UW Polish Studies Endowment Committee presents the lecture “Women of the People: Serfdom, Female Agency and Film Representation in Poland after 1945” by Dr. Michal Oleszczyk.
One of the 2023’s biggest box offices hits in Polish cinemas was the animated adaptation of Władysław Reymont’s Nobel Prize-winning 1904 novel “The Peasants.” This film offered a new and updated version of the central character of Jagna: a young woman in rural Poland of late 19th century.
A new, folk-oriented turn in historiography and popular culture (exemplified by Paweł Maślona’s “Kos,” and Netflix’s series “1670”) tends to re-evaluate class relations of the Polish past, which for centuries were based on serfdom. This lecture will look at several representations of Polish working-class women of rural origins (“chłopki”) in post-war Polish films and connect them to the latest trends in literature, film, and popular arts.

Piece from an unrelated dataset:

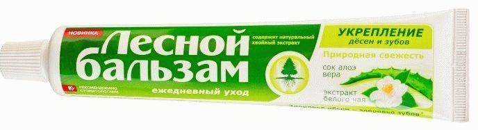 Toothpaste perfectly helps with bleeding gums, refreshes the oral cavity. Forest balm "Forte Active" contains tea tree oil, which allows you to increase the protection of teeth and mucous membranes from harmful bacteria.
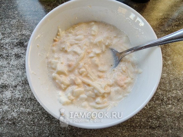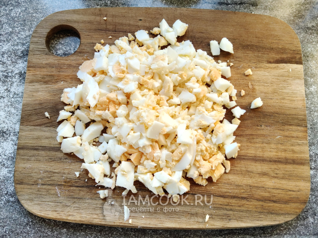 Чтобы приготовить яичные оладьи (с вареным яйцом), надо сварить яйца в течение 12 минут, остудить в холодной воде.

Michał Oleszczyk, Ph.D. is a film critic, script consultant, author of the podcast SpoilerMaster, and recipient of several accolades and prizes. He contributed to RogerEbert.com and Slant Magazine. From 2013 to 2017, he served as the artistic director of the Gdynia Film Festival. He is an Assistant Professor at Artes Liberales Department of University of Warsaw and teaches Script Development at the Warsaw Film School.
This lecture is sponsored by The Maria Kott Endowed Professorship of Polish Studies and the UW PSEC
The lecture is at Savery Hall, room 264 on the UW campus in Seattle. The lecture is free and open to the public.